Kluuvi Gallery / Helsinki Art Museum      Press release                                                                                                        

Around ten years ago I saw an article about an Austrian photographer, Andrea Meinin Bück (b. 1968). At the time, Meinin Bück worked as a photographer for the foundation Vera Incessu Patuit Dea. Her job was to document European cultural heritage with a focus on buildings under threat of demolition.In her work, she got to know cultural heritage sites that were threatened because of aggressive new construction and inadequate resources for renovation.
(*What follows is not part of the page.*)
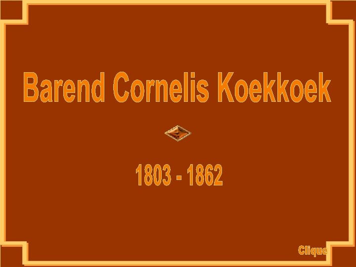 Pintor Holandês Middelburg, 1803 - Kleve, 1862 Barend Cornelis Koekkoek, sem sombra de dúvida, foi o pintor mais importante de paisagens do movimento romântico holandês. Durante sua vida veio a ser conhecido como " Príncipe da pintura paisagística" e desempenhou seu papel como líder e excelência neste gênero. Nasceu em 1803 na cidade de Middelburg. Inicialmente recebeu ensinamentos do seu pai Johannes Hermanus Koekkoek (1778 -1851), que era um artista talentoso em marinhas. Barend foi o mais famoso dos artistas de sua dinastia. Aprimorou seus estudos e a técnica na Academia de Middelburg e também na Academia das Artes em Amsterdam. Foi grande sua influência nos pintores do século XVII, tais como Hobbema e Wijnants. Koekkoek transferiu-se para Kleve em 1834. A paisagem do Reno foi um cenário perfeito que muito combinava com o seu estilo. Foi em Kleve que o estilo de Koekkoek alcançou a maturidade. O artista teve muitos patrocinadores ricos das classes abastadas da Holanda. Em 1839 o rei Willem III comprou à vista e pagou caríssimo por uma pintura enorme que retratava uma floresta em Cattle‘, quadro esse que ganhou uma medalha de ouro no Salão de Haia, naquele mesmo ano. O Tsar russo Alexander II ficou impressionado com os trabalhos magníficos do artista e encomendou um quadro com as mesmas características daquele premiado. Koekkoek ganhou reputação internacional. Entre 1826 e 1862 Koekkoek era um expositor regular em Haia, Rotterdam e Amsterdam, ganhador de medalhas no Salão de Paris em 1840 e em 1845. Foi consagrado pela alta sociedade de Amsterdam e agraciado pela Academia de São Petersburgo. A ele foram concedidas ainda, as medalhas da Ordem do Leão dos Países Baixos e da Ordem Belga de Leopold.

She became increasingly disillusioned about the factors that drove the preservation of cultural values. Her burning interest resulted in radicalisation. On one tragic night thirteen years ago, good intentions led to shocking consequences. Since 2001, Meinin Bück has been serving a life sentence for the murder of a French property shark. I became interested when I read about the clearly intelligent and competent professional whose life took such an ill-fated turn. I contacted her to find out more. During our ten-year correspondence we have been able to share things that we consider important. We have discussed the Don Quixote Complex, a state where fact and fiction get mixed up. In the novel written in the early 1600s by Miguel de Cervantes, the protagonist Alonso Quijano assumes a new identity in order to act according to the ideals he has adopted from chivalric romance novels. Meinin Bück, too, acted according to her ideals, believing that she was taking society to a better direction, but her dedication carried her to a borderline state. This exhibition tells about the journey to the destructive borderline and the way back to reality – a reality that frightens Meinin Bück. According to the laws in Austria, she can appeal to be released on parole in 2014.- “I don’t need to give in to senseless intentions anymore, but it is difficult to distinguish what is real and what isn’t, to be who you are without assuming a role,” she says.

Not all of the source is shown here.